だが、聖剣大師だったクレアはリオールを簡単に使いこなせた。リオールを授かったクレア一行は多大なる戦果をあげた。
「でも…… あの時アランドロに出会って……」
魔王ディスタードの配下にモンデュールという魔族が居た。将軍モンデュールは全破壊者の異名を持つ呪い魔剣エフォールを持ち魔王に次ぐ実力者だった。彼は魔王から絶大なる信頼を受け軍の半分を預かり南方遠征軍を指揮していた。
ある時…… ガルバルディア帝国に滞在していたクレア達にカイノプス共和国がモンデュールに攻められたという連絡が入った。即座に救援に向かったクレアたちは激戦の末にモンデュールを撤退させることに成功した。
ガルバルディア帝国に戻ったクレアたちを労う戦勝記念パーティにアランドロは現れた。クレアとアランドロはそこで挨拶を交わした。
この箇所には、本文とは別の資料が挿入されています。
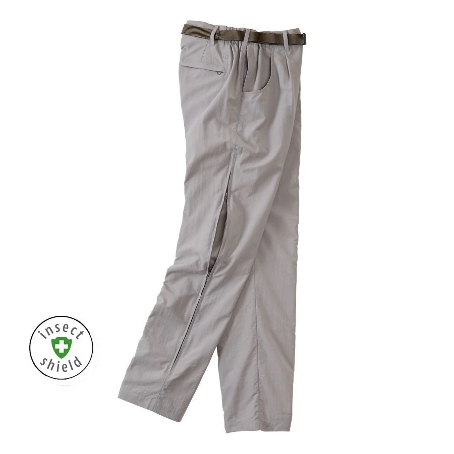 Are you really interested in long pants for the desert, jungle, or backcountry that are superlight, tough, and airy? With the Eco-Mesh Pants, you now have amazing temperature regulating features. Constructed out of two-ply, 3-oz. Duralite nylon fabric, the tricked-out elements are 27-inch side zippers concealed behind vertical bands, which provide air flow to that one troubling hot spot encountered by most hikers: the crotch. Behind the tucked-away zippers are soft-mesh panels whose duty is to funnel air in and around your nether regions. With the zippers closed, the abrasion- resistant Eco-Mesh Pants resemble a traditional pair of khakis. Because the fabric is now treated with Insect Shield® technology, you have protection against mosquitoes, biting flies, and ticks. The fit is enhanced by elastic side panels at the waist, and sports two on-seam front pockets, 2 zippered back pockets. Super packable, with a 15-minute maximum drying time. Includes a new side-zippered security pocket.

「挨拶も丁寧で上品で帝国貴族と言う感じでかっこいい人でした。でも…… どこかで全て人間が自分の下にいるかのような態度が滲み出ていて…… 私は好きではありませんでした。ジー」
「なっなんだよ」
話しながらクレアはグレンを見つめた。急に見つめられたグレンは動揺し頬を真っ赤にして目をそらす。
「最初に会った時のグレン君は…… 今みたいに可愛かったんですけどねぇ。目が覚めると私を見て顔を真っ赤にして逃げちゃって」
「うるせえ! 話を逸らすなよ」
「ふふふ」
初めて出会った時と同じように頬を赤くし顔を背けるグレンにクレアは微笑むのだった。前を向き天井を眺めてクレアは話を続けるのだった。